Vinegar is the latest ingredient in the diet that is claimed to have influence on the blood sugar levels which can help millions of people affected by Type II diabetes disorder. Ideally the blood sugar levels in the blood are to be maintained between 100 and 150 units depending on whether this is measured as fasting or postprandial glucose. With voluminous data available on the scientific aspects of diabetes and its treatment, many drugs are in the market to manage blood glucose levels within the limits and avoid undesirable effect of diabetes on the general health of those afflicted.
Foods have been graded according to their Glycemic Index ( GI) and Glycemic Load (GL) and those foods which can release glucose into the blood faster have invariably high GI values, not to be consumed too much and too often by the diabetic population. Unrefined whole grains and legumes, though rich in carbohydrates tend to have low GI values and therefore considered diabetic-friendly foods. Unfortunately most of the foods being churned out by the processing industry are based on refined grain flours, sugar and other ingredients with high GI values. Legume consumption is very insignificant in Western population while they are cost prohibitive for those who like to consume them, especially the practicing vegetarians. A diet rich in fruits and vegetables also is known to be beneficial to diabetics, though in reality consumption of these protective foods is not up to the desired or recommended levels amongst many populations around the world.
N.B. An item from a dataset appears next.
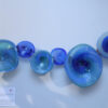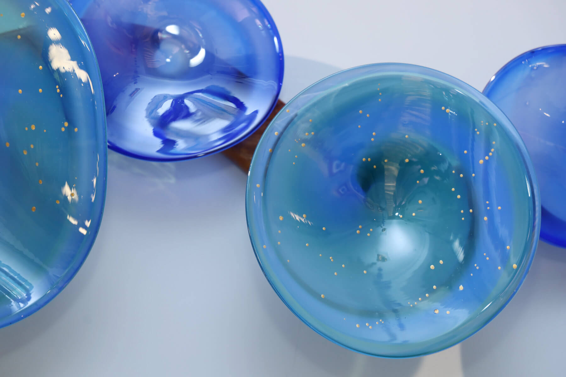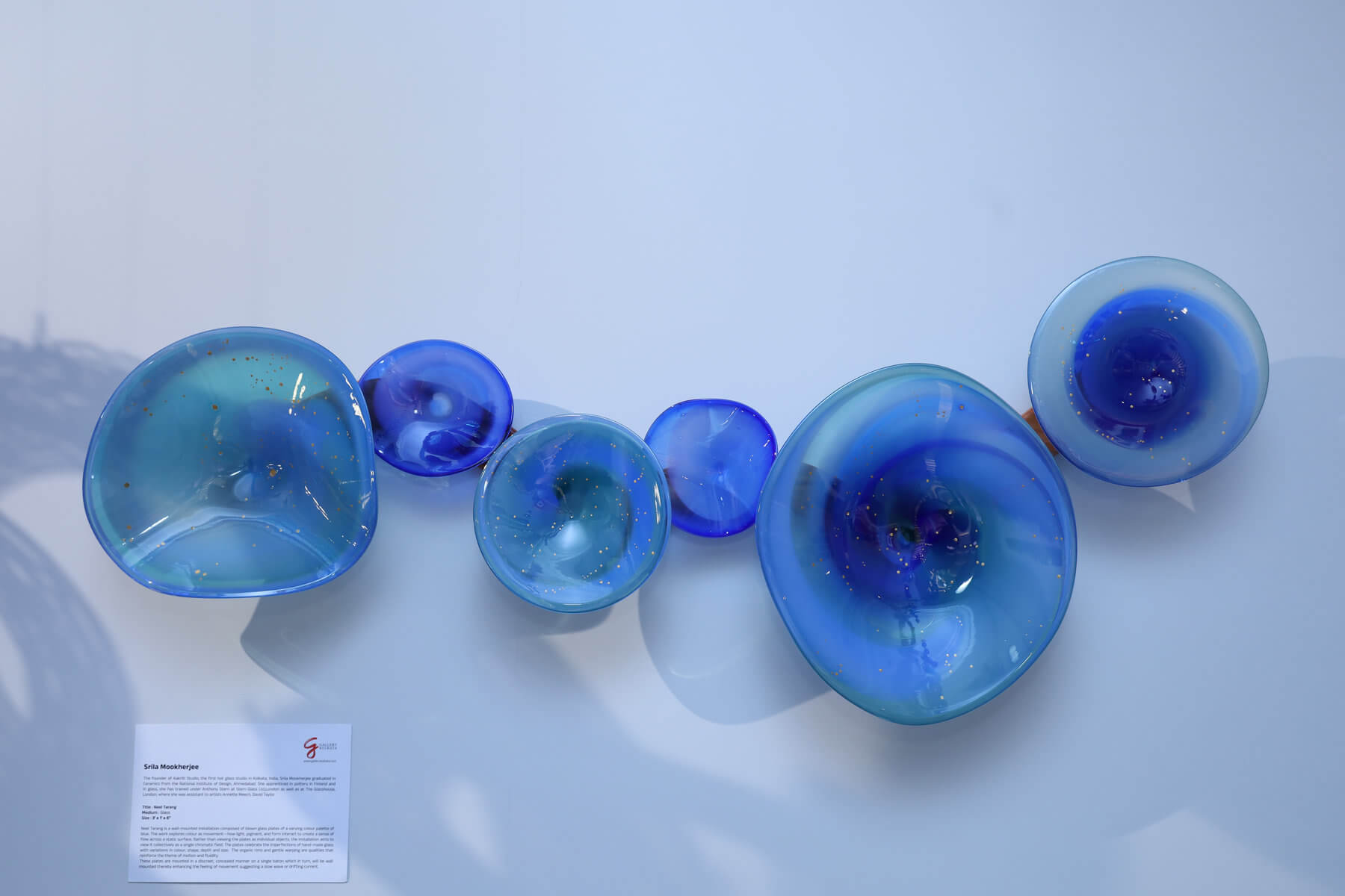 Neel Tarang is a wall-mounted installation composed of blown glass plates of a varying colour palette of blue. The work explores colour as movement — how light, pigment, and form interact to create a sense of flow across a static surface. Rather than viewing the plates as individual objects, the installation aims to view it collectively as a single chromatic field. The plates celebrate the imperfections of hand-made glass with variations in colour, shape, depth and size. The organic rims and gentle warping are qualities that reinforce the theme of motion and fluidity. These plates are mounted in a discreet, concealed manner on a single baton which in turn, will be wall mounted thereby enhancing the feeling of movement suggesting a slow wave or drifting current.

There are many edible food materials claiming to have hypoglycemic effect viz for reducing blood sugar levels, if consumed regularly but their availability and amenability for being acceptable at the desired concentrations for exerting the beneficiary effect is rather limited. Some of these include Onion, Garlic, Mustard, Cruciferous vegetables, Fenugreek, Avocado, Cinnamon, Cherries, Nuts etc. Lack of unanimity amongst the scientists and physicians regarding the logistics of balancing the use of home "remedies" through food and herbs and modern drugs makes it difficult for consumers to adopt practical and effective synergistic daily practices that will ensure successful management of blood sugar. What is needed is a set of guidelines that can categorically lay down different drug-diet combination which will be safe and beneficial.
Latest to arrive on the scene is Vinegar and there are a few advocates espousing the cause of this food ingredient for regulating blood sugar. Taking this food adjunct regularly is claimed to retard glucose absorption from the GI tract. Some scientific studies over the past 10 years do indicate some benefits from vinegar consumption. According to them Vinegar decreases both fasting and postprandial (after-meal) glucose levels significantly and being a cheap food ingredient it can be easily incorporated into the diet. The biologically active constituent of vinegar is acetic acid ( 4-8% by volume) which is the source of pungency in many common food preparations, liked by most people. It is known that acetic acid can inhibit the activity of several enzymes, including amylase, sucrase, maltase, and lactase that break down carbohydrates into assimilable sugars. When vinegar is present in the intestines, probably a significant part of the sugars and starches can be expected to pass through without being digested with the consequent lower impact on blood sugar level. The bicarbonates necessary for glucose pump in the intestine for sending the glucose into the blood stream, is neutralized by acetic acid present in the vinegar. It was also observed that this is not a short term phenomenon because regular intake of vinegar also is reported to reduce the HbA1C values consistently and significantly.
Consuming a table spoon of vinegar before lunch and dinner is supposed to reduce one's weight by about a kg in 4 weeks. Similarly taking 4 table spoons of vinegar regularly is claimed to reduce the glycemic value of food by almost 30%. Interestingly taking vinegar along with the food can only be effective and therefore there appears to be ample scope for food scientists to come up with processed foods loaded with acetic acid without making them over acidic to taste. Vinegar is already established as a tenderizing agent for meat and fish while it is a major ingredient of most salad dressings. There are other acidic foods and adjuncts like pickles, sauerkraut, chutneys, lime juice, etc which also are supposed to exert same effect as vinegar. The findings, if universally accepted, will open up immense opportunities to the food industry to evolve foods that can be beneficial for calorie watchers and others with diet limitations.